(K-425) Drop-BS for high-throughput profiling of single-cell DNA methylomes

Genome-wide DNA methylation profile, or DNA methylome, is a critical component of the overall epigenomic landscape that modulates gene activities and cell fate. Single-cell DNA methylomic studies offer unprecedented resolution for detecting and profiling cell subsets based on methylomic features. Despite this, current single-cell methylomic technologies rely on tube or well plate-based methods, which pose challenges in scalability for processing a substantial number of single cells. Here we demonstrate a droplet-based microfluidic technology, Drop-BS, to construct single-cell bisulfite sequencing libraries for DNA methylome profiling. With Drop-BS, we open up new possibilities for comprehensive and high-throughput DNA methylome profiling at the single-cell level.

Drop-BS takes advantage of versatility offered by droplet microfluidics for pairing single cells and barcode beads, mixing various reagents, and conducting multi-step reactions. Drop-BS involves 5 major steps and 3 microfluidic devices to generate Illumina-compatible bisulfite sequencing library from single nuclei. 1) scDNA encapsulation and fragmentation: Single nuclei and lysis buffer containing micrococcal nuclease (MNase)were encapsulated into droplets with a microfluidic device for nuclei lysis and DNA fragmentation. 2) scDNA and single barcode bead droplets pairing and fusion: We applied alternating current (AC) voltage via an adjacent salt channel to produce dielectrophoresis (DEP)-based fusion between the scDNA and single-barcode bead droplets. 3) scDNA ligation and barcoding: The fused droplets were collected into a tube and exposed to UV. The barcoded oligonucleotides were released from barcode beads due to breakage of the photocleavable linker and appended to the fragmented gDNA via ligation reaction in droplets, completing scDNA barcoding. 4) Droplet-based bisulfite conversion: We used the bisulfite droplet device to generate droplets containing barcoded DNA and bisulfite. The droplets were incubated for bisulfite conversion to achieve a conversion rate of 99.0%. The droplets were then broken to pool the DNA. 5) Random priming and indexing PCR: We conducted random priming and indexing-PCR-based amplification to generate the library for sequencing.

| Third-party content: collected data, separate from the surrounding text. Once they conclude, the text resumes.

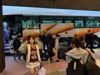先生方から見送ってもらいながら、バスに乗ります。いよいよ出発です!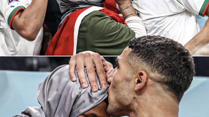 حرص نجم المنتخب المغربي أشرف حكيمي، على تقبيل والدته أمام كاميرات كأس العالم قطر 2022، خاصة بعد فوز منتخب بلاده على المنتخب الإسباني في دور الـ 16، حيث لم ينسى فضل والدته عليه، التي ساعدته في أن يكون من أشهر لاعبي كرة القدم في الوقت الحالي.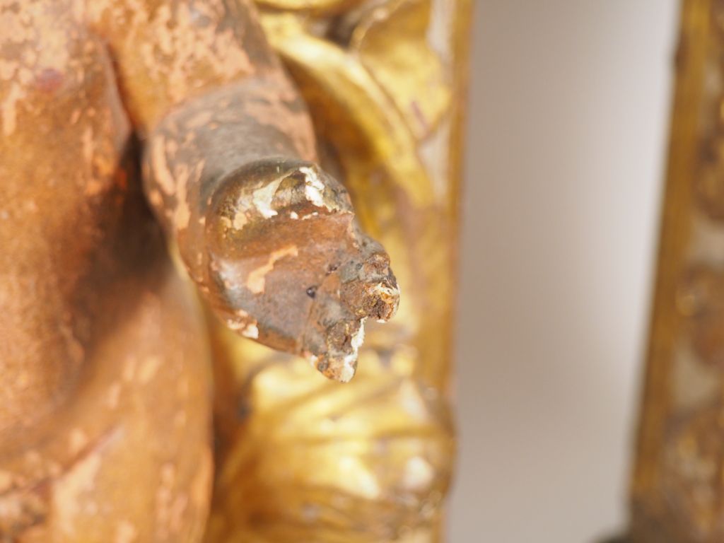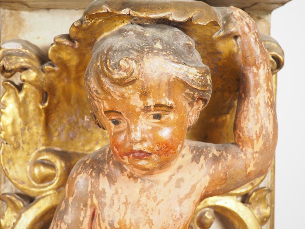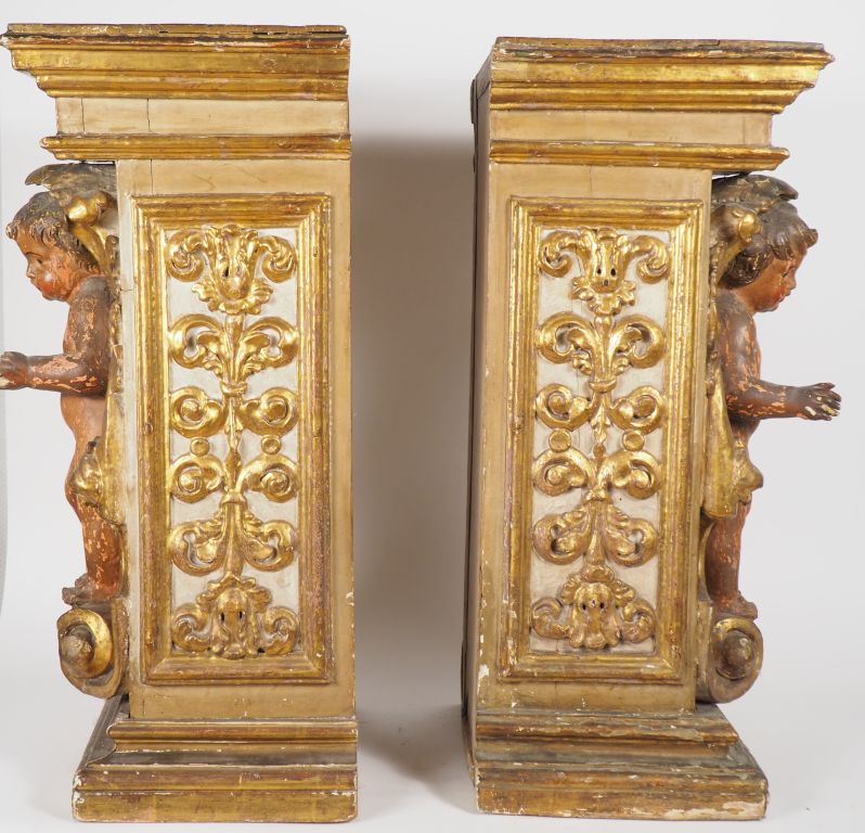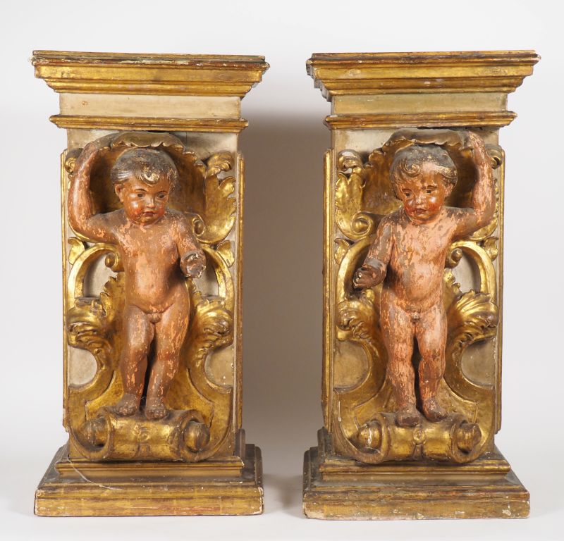 Paire de sellettes italiennes fin XVIIIème début XIXème en bois polychrome sculpté à décor en relief d'amour sur fond de cartouche feuillagé. Dim. 80 x 39 x 34 cm. (petits accidents).

After characterizing the Drop-BS platform with cell lines, we applied our technology to study prefrontal cortex (PFC) samples from mice and humans. We generated 1123 single-cell mouse PFC methylome with average 23,932 unique reads per cell and an average mapping efficiency of ~58%. Average 13,492 CpGs were covered per cell and a total of 11,421,613 CpGs were covered by the merged 1123 single-cell data. We also profiled two human brain samples with averagely 35,000- 41,000 unique reads per single cell. Our Drop-BS data revealed an average global mCG/CG of 71.73% and 76.12%, mCH/CH of 1.85% and 2.71%, for mouse and human PFCs respectively. The high mCH levels in the brain samples agree with literature. We also observed evident hypomethylation regions around TSS and higher methylation level throughout the gene body than that of adjacent intergenic regions. We performed Louvain clustering study to identify different brain cell types for both mouse and human PFCs tissue.

The challenges for bisulfite sequencing library preparation in droplets lie in genomic DNA fragmentation and bisulfite conversion. In Drop-BS, we utilized MNase (Micrococcal nuclease) to randomly cut genomic DNA into fragments within a specific size range by adjusting the treatment condition. We discovered that such optimization was important for increasing DNA recovery. We exploited a strategy of bisulfite conversion in droplets that substantially improved DNA recovery. By conducting pre-bisulfite adapter/barcode tagging, we avoided the complexity of conducting post-bisulfite adapter/barcode tagging in droplets. To summarize, Drop-BS takes advantage of the rapid speed of droplet microfluidics. The technology allows producing up to 10,000 single-cell bisulfite sequencing libraries in 2 d and the droplet-based process offers a bisulfite conversion rate of 99.0%. This innovative approach optimizes the process of single-cell DNA methylome profiling, showcasing the potential of droplet microfluidics in advancing epigenomic research.